Laporan keuangan Tesla di kuartal kedua menggambarkan situasi suram: laba menurun, penjualan merosot, dan reputasi yang terus terpuruk.
Produsen mobil listrik ini mencatat pendapatan bersih sebesar $1,17 miliar, turun 16,3% dibanding periode yang sama di 2024. Pendapatan merosot 12% menjadi $22,5 miliar dari $25,5 miliar setahun sebelumnya, menandai dua kuartal berturut-turut penurunan laba dan pendapatan Tesla tahun ini.
Penyebabnya jelas: Tesla menjual lebih sedikit mobil dan memotong harga untuk mengejar permintaan. Pengiriman kendaraan turun 13,5% di kuartal kedua, mencerminkan betapa tajamnya penurunan tersebut.
Masalah Tesla tak hanya soal ekonomi. CEO Elon Musk telah menjadi salah satu figur paling memecah belah di dunia korporat. Pilihan politiknya—menghabiskan hampir $290 juta untuk membantu Donald Trump kembali ke Gedung Putih pada 2024 dan kemudian bergabung dengan pemerintahan Trump sebagai kepala Departemen Efisiensi Pemerintahan (DOGE)—memicu kecaman global. DOGE yang kontroversial itu mulai memotong anggaran lembaga federal secara agresif, memicu protes di depan showroom Tesla di seluruh dunia dan, yang lebih penting, menjauhkan basis pelanggan inti perusahaan. Dengan menjadi wajah utama pemerintahan dan mendukung agenda sayap kanan, Musk menjauhkan pembeli liberal di AS dan Eropa yang dulu menjadi tulang punggung dukungan Tesla. Penjualan pun terpukul.

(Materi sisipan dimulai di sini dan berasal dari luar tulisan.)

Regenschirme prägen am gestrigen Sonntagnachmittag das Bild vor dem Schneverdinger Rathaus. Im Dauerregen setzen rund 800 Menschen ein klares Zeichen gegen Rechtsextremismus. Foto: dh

Musk mengundurkan diri dari DOGE pada Mei untuk fokus kembali ke Tesla, tapi kerusakan sudah terjadi. Menambah drama, ia baru-baru ini meluncurkan partai politik baru, Partai Amerika, berjanji akan mengusung kandidat di pemilu tengah tahun 2026 setelah berseteru dengan Trump.
"Kita mungkin akan mengalami beberapa kuartal yang sulit. Saya tidak bilang pasti, tapi bisa saja," akui Musk dalam earnings call dengan analis.
Jalan ke depan terlihat berat. Undang-undang "One Big Beautiful Bill" Presiden Trump, yang ditandatangani pada 4 Juli, menghapus kredit pajak federal $7.500 untuk kendaraan listrik mulai 30 September. Artinya, harga Tesla akan naik. Undang-undang yang sama juga menghilangkan denda bagi produsen mobil yang gagal memenuhi standar emisi, mengakhiri aliran pendapatan utama Tesla dari penjualan kredit regulasi ke pesaing. Di kuartal kedua, penjualan kredit itu dipotong hampir setengah, turun menjadi $439 juta dari $890 juta setahun sebelumnya.
"’One Big Beautiful Bill’ membawa banyak perubahan yang akan memengaruhi bisnis kami dalam waktu dekat," kata CFO Vaibhav Taneja kepada analis. Tesla, yang memproduksi sebagian besar mobil AS-nya di Fremont, California, dan Austin, Texas, masih sangat bergantung pada impor bahan baku dan komponen, membuatnya rentan terhadap tarif.
"Kami mulai melihat dampak tarif," ujar Taneja. "Secara berurutan, biaya tarif naik sekitar $300 juta dengan sekitar dua pertiganya berdampak pada divisi otomotif dan sisanya di energi. Namun, mengingat jeda waktu produksi dan penjualan, dampak penuh akan terasa di kuartal-kuartal mendatang."
Ia memperingatkan: "Biaya akan naik dalam waktu dekat. Meski kami berusaha mengelola dampaknya, situasi terkait tarif sangat tidak terprediksi."
Kombinasi dari melambatnya permintaan, pemotongan harga, hilangnya insentif kendaraan listrik, dan naiknya tarif menunjukkan bahwa penderitaan Tesla belum akan berakhir. Tapi dalam earnings call hari Rabu, Musk kembali menjual visi masa depan Tesla bukan sebagai perusahaan mobil, melainkan kekuatan robotika dan AI yang dibangun di atas robot humanoid, otomatisasi, dan teknologi mengemudi mandiri.
Masalahnya? Peluncuran robotaxi Tesla di Austin akhir Juni menunjukkan betapa tertinggalnya mereka. Waymo, anak perusahaan Google, sudah mengoperasikan robotaxi sepenuhnya otonom di berbagai kota AS dan mencakup area layanan lebih dari dua kali lipat wilayah Austin Tesla. Sementara itu, armada kecil Tesla hanya tersedia dengan undangan dan masih membutuhkan pengawas manusia di kursi penumpang.